Randomization could not guarantee the results. Here is a simulation.

# real peaks
group <- factor(c(rep(1,5),rep(2,5)))
con <- c(rnorm(5,5),rnorm(5,8))
batch <- seq(5,0,length.out = 10)
ins <- batch+con
re <- t.test(ins~group)

## 6.5 post hoc data normalization

To make the samples comparable, normailization across the samples are always needed when the experiment part is done. Batch effect should have patterns, otherwise just noise. Correction is possible by data analysis/randomized experimental design. There are more than 20 methods to make normalization. We could devided those methods into two category: unsupervised and supervised.

Unsupervised methods only consider the normalization peaks intensity distribution across the samples. For example, quantile calibration try to make the intensity distribution among the samples similar. Such methods are preferred to explore the inner structures of the samples. Internal standards or pool QC samples also belong to this category. However, it’s hard to take a few peaks standing for all peaks extracted.

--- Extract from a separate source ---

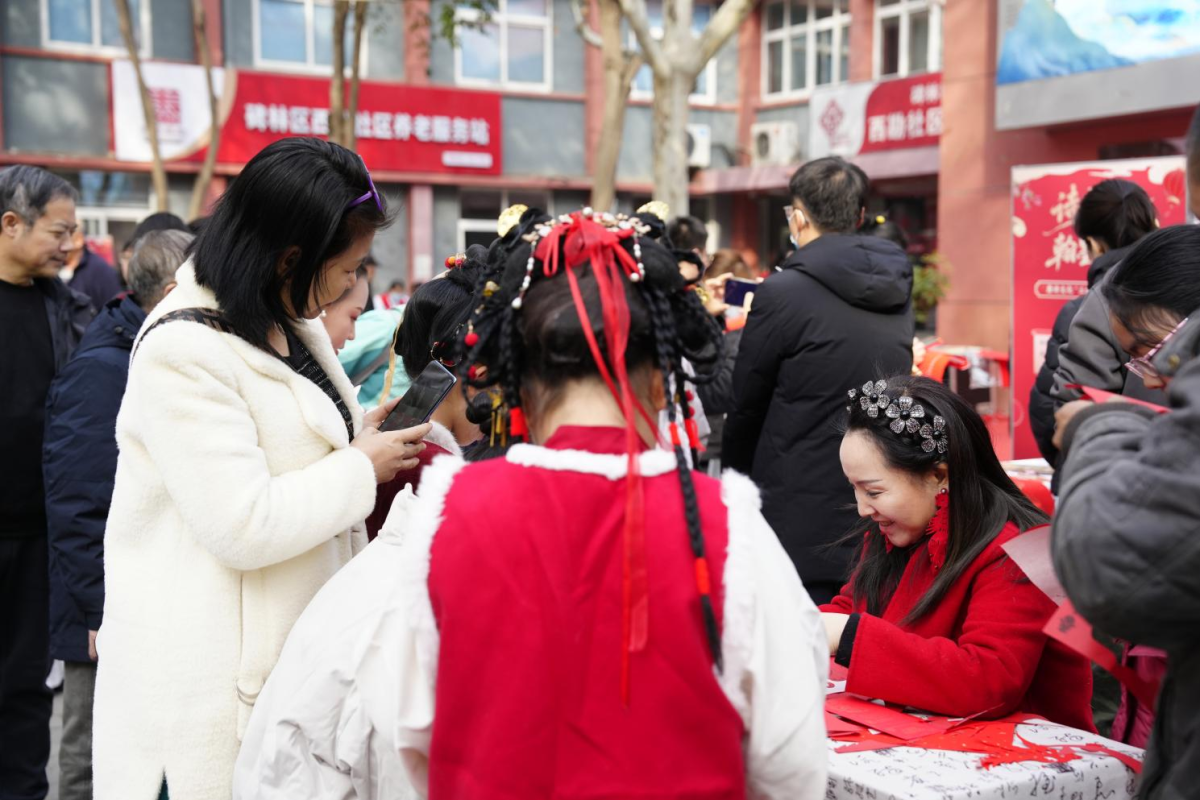 活动现场,新春文化集市也在欢声笑语中同步启动。集市设有春联书画创作区、诗词拓印体验区、诗词飞花令区、剪纸非遗展示区等多元文化板块,吸引众多居民驻足参与。书法家现场挥毫,非遗传承人展示技艺,市民在墨香与纸韵间感受唐诗之雅、传统之美。更值得一提的是,活动还融合了便民服务内容,如免费理发、健康义诊等,切实体现“文化惠民、服务暖民”的宗旨,让居民在享受文化滋养的同时,也感受到实实在在的生活关怀,真正实现了“文化惠民零距离”的宗旨。

Supervised methods will use the group information or batch information in experimental design to normalize the data. A linear model is always used to model the unwanted variances and remove them for further analysis.

Since the real batch effects are always unknown, it’s hard to make validation for different normalization methods. Wu et.al preferred to make comparision between new methods and conventional methods(Wu and Li 2016). Li et.al developed NOREVA to make comparision among 25 correction method(Li et al. 2017). Another idea is use spiked-in samples to validate the methods(Franceschi et al. 2012), which might be good for targeted analysis instead of non-targeted analysis.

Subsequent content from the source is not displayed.